One telling sign of how prevalent programmatic ad buying has become across the industry: only four percent of publishers in the survey said they would decrease the amount they spend on programmatic talent in 2019.
Overall, 2018 saw cutbacks and increased consolidation across the digital media landscape as venture capital money ran out and publishers faced the hard realities of what it takes to run a sustainable media company. Refinery29 and Vox laid of staffers while Vice instituted a hiring freeze after it missed revenue targets. Mic and LittleThings imploded and sold for a fraction of their former valuations, and 2019 is shaping up to bring more of the same.
Publishers deciding to spend more on programmatic talent — particularly programmatic sellers — is in itself a cost-cutting measure of sorts, as both publishers and ad-buyers chase technology-enabled efficiencies. “A lot of legacy sales team are contracting and a lot less manpower is needed to sell programmatic than direct,” said Michael Giunta, vice president of recruitment at AC Lion, an executive search firm that specializes in working with publishers and ad-tech companies. “Where you would hire 10 sellers to do direct sales, now a publisher can have one or two programmatic sellers and four direct sellers.”
Meanwhile, as industry consolidation continues, publishers are dependent on programmatic advertising for growing chunks of their revenues even as platforms like Facebook, Google and Amazon suck up the majority of digital ad spending.
Some say that increased publisher reliance on programmatic revenue streams may not necessarily be inflating the compensation of employees in the field, however, as more ad sellers learn the ropes in programmatic.
“Rather than hire a large programmatic staff outright, publishers are looking for someone to lead their programmatic strategy. It’s not just about managing programmatic sales teams. It’s about cultivating programmatic talent within the company from existing employees in the area, creating direct relationships with demand-side platforms [DSPs] and supply-side platforms [SSPs] and defining the data strategy.”
Outside factors like fresh competition for talent might also influence whether a company is forced to spend more on programmatic talent. One anonymous New York City-based publisher told Digiday that it was figuring out whether it should give employees a raise in an attempt to fend off companies such as Amazon from poaching their people. The online powerhouse it expected to staff up with ad-related staffers to launch its new Long Island City office in 2019.
Publishers also need to be cognizant that they are not just competing with the likes of Amazon or other publishers for programmatic talent. Certain programmatic roles, like ones that manage direct relationships with agencies and DSPs can also overlap with demand from other agencies or vendors. For example, someone at a publisher responsible for encouraging private-marketplace spending directly from an agency could be highly sought after by a DSP seeking those same ad dollars.
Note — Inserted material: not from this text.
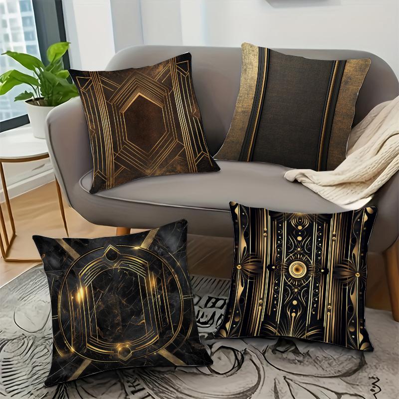 Black and Gold Luxury Geometric Pattern Print Decorative Polyester Cushion Cover Home Decor Pillowcase with Zipper

This raises the important issue of employee retention at publishers. Hiring and training programmatic talent is expensive, and having to do it repeatedly when employees leave in a matter of months can become a frustrating process. It becomes even more costly when publishers are forced to rely on recruiting agencies who typically charge between 20 and 30 percent of a hire’s first-year base salary. If publishers fail to ensure they keep their programmatic talent, they may ultimately be forced to spend more to attract new talent anyway.